ミャンマーでは、ことし10月下旬に3つの少数民族の武装勢力が東部シャン州で一斉に攻撃を開始し、民主派勢力とも連携してミャンマー軍に対する攻勢を強めてきましたが、軍は今月に入って中国の仲介で少数民族側と会談したことを明らかにしています。

こうした中、中国外務省は14日「中国の仲介によりミャンマー軍と3つの少数民族の武装勢力が中国国内で和平協議を行い、一時的な停戦と対話を維持していくことなどで合意した」と発表しました。

ただ、少数民族側は13日、SNS上で軍を打倒するまで戦闘を継続する考えを強調したばかりで、これまでのところミャンマー軍と少数民族の武装勢力、いずれからも正式な発表はありません。
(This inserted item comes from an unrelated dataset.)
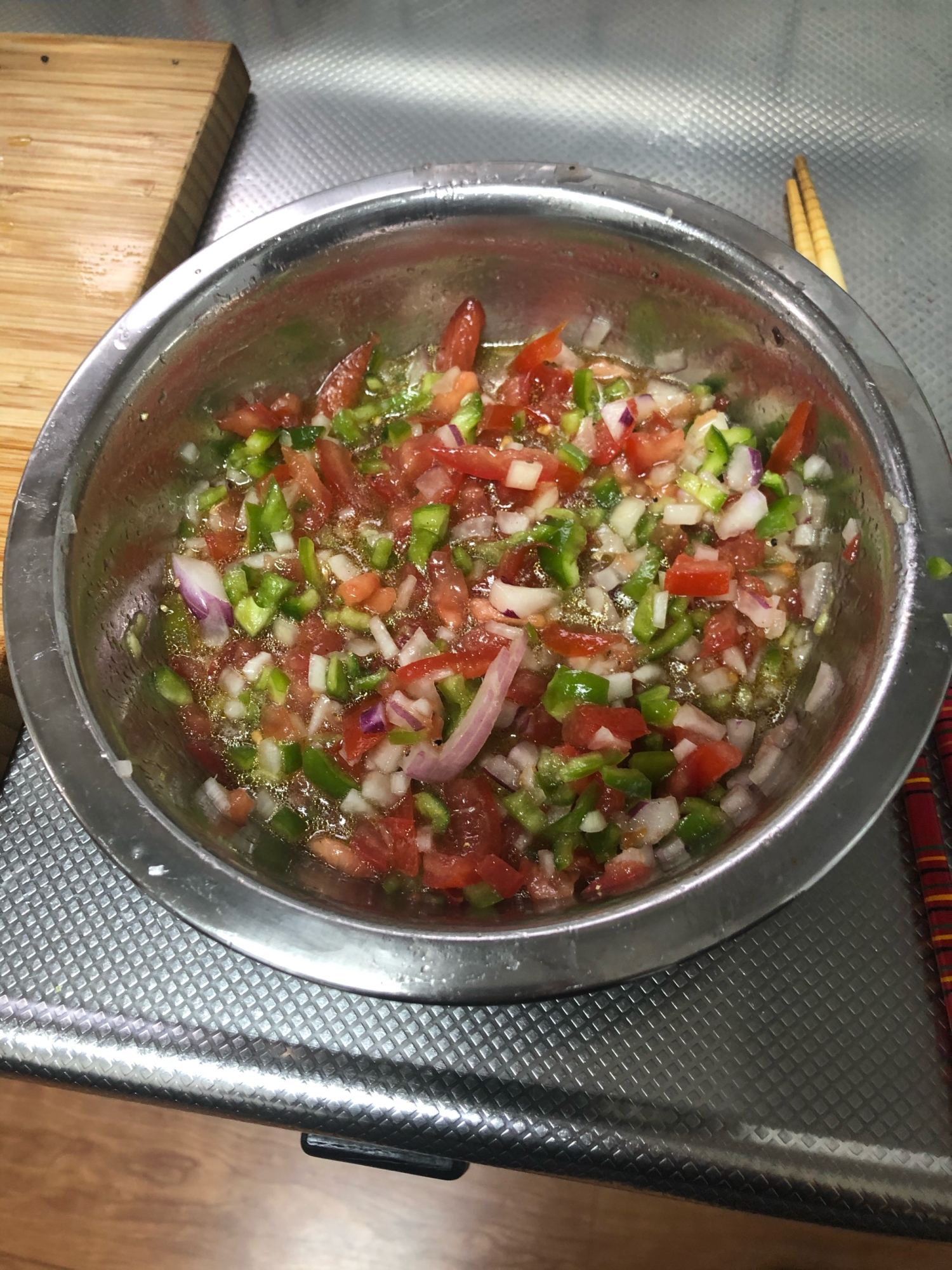 簡単手作りトマトサルサ 簡単に作れてさまざまな料理に使える万能調味料! 温野菜のドレッシングや肉や魚料理のソースにも! (★作りやすい分量分約214円) 玉ねぎとピーマンはみじん切りにします。 ボウルに1とAを混ぜ合わせれば 作り方 1 野菜はみじん切りにして洗ったビンの中へ入れる。 ニンニクは特に細かく(すりおろしても良い) 2 野菜を入れたビンに調味料を入れてスプーンで良く混ぜる。 3 冷蔵庫で2時間ほどなじませて出来上がり。 4 タコライスに、パスタにピザなどいろいろ合います。 入れる野菜もお好みでパプリカやセロリなど加えても。 5 トマト缶でも作れますが、色味がトマト、ピーマン、パクチーはよく洗っておきます。 1 玉ねぎはみじん切りにし、水に5分さらしペーパーで水気をきっておきます。 2 トマトはヘタを取り半分に切ります。 スプーンで種を取り1cmの角切りにします。 3 パクチーは根を切り落とし、みじん切りにします。 ピーマンはヘタと種を取り、みじん切りにします。
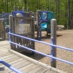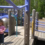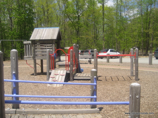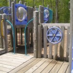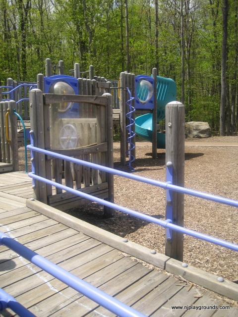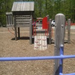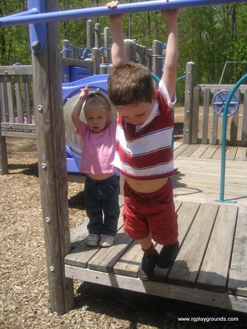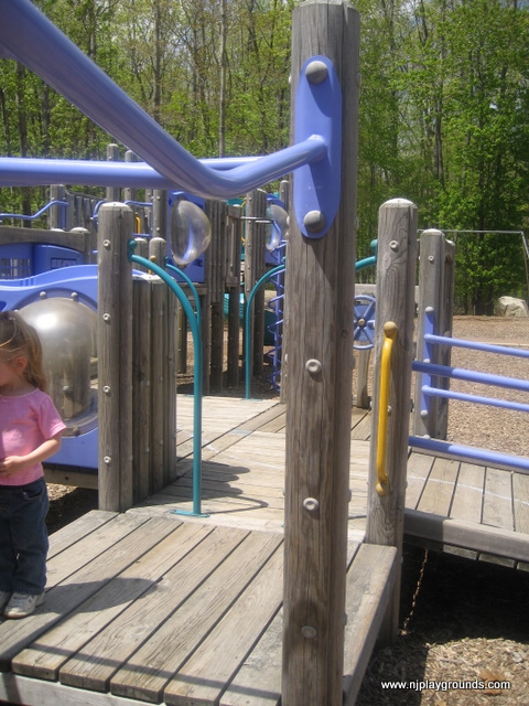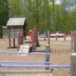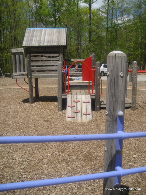 A popular spot for play dates and group meetings. Two play areas are encircled by benches and a sidewalk. There is a small gazebo and some picnic tables as well as walking paths. Surrounded by woods, this playground is in a quiet area and the equipment is toddler friendly.

中国は停戦の期間など合意の詳細については明らかにしておらず、どこまで合意に実効性があるか不透明な状況です。

中国がミャンマー軍と少数民族の武装勢力の仲介を行う背景には、ミャンマーとの国境地帯の安定が経済的にも政治的にも重要な意味を持っているためだとみられます。

経済的には、ミャンマーは中国内陸部とインド洋を陸路でつなぐ地理的に重要な地域で、習近平国家主席が打ち出した巨大経済圏構想「一帯一路」のルートの1つ「中国・ミャンマー経済回廊」があり、道路や鉄道などのプロジェクトが計画されています。

また、インド洋から中国へ原油と天然ガスを運ぶパイプラインも整備され、エネルギー戦略上、重要なルートとなっています。

特に、激しい衝突が起きてきたミャンマー東部のシャン州の国境地域は貿易の重要な中継点となっていて、こうした場所が影響を受けることは避けたい考えです。

一方、政治的には中国国内で社会の安定が重視される中、中国としては衝突の激化によってミャンマー側から避難民が流入して混乱が波及することを懸念しているとみられます。

先月下旬には中国軍が国境封鎖を想定した演習を始めたと発表するなど、情勢の不安定化に警戒感を強めていました。

また、中国はミャンマー軍と少数民族側の仲介役となることで、国際社会での存在感を高めたいという思惑もあるとみられます。

最近では、対立してきたサウジアラビアとイランの外交関係の正常化を仲介したほか、イスラエル・パレスチナ情勢でも発言を重ね、地域紛争などに積極的に関与する姿勢を示しています。

中国外務省の毛寧報道官は今月12日の会見で「情勢の緩和はミャンマーのすべての当事者の利益に合致し、中国との国境地帯の安定の維持にも資するものだ」と述べています。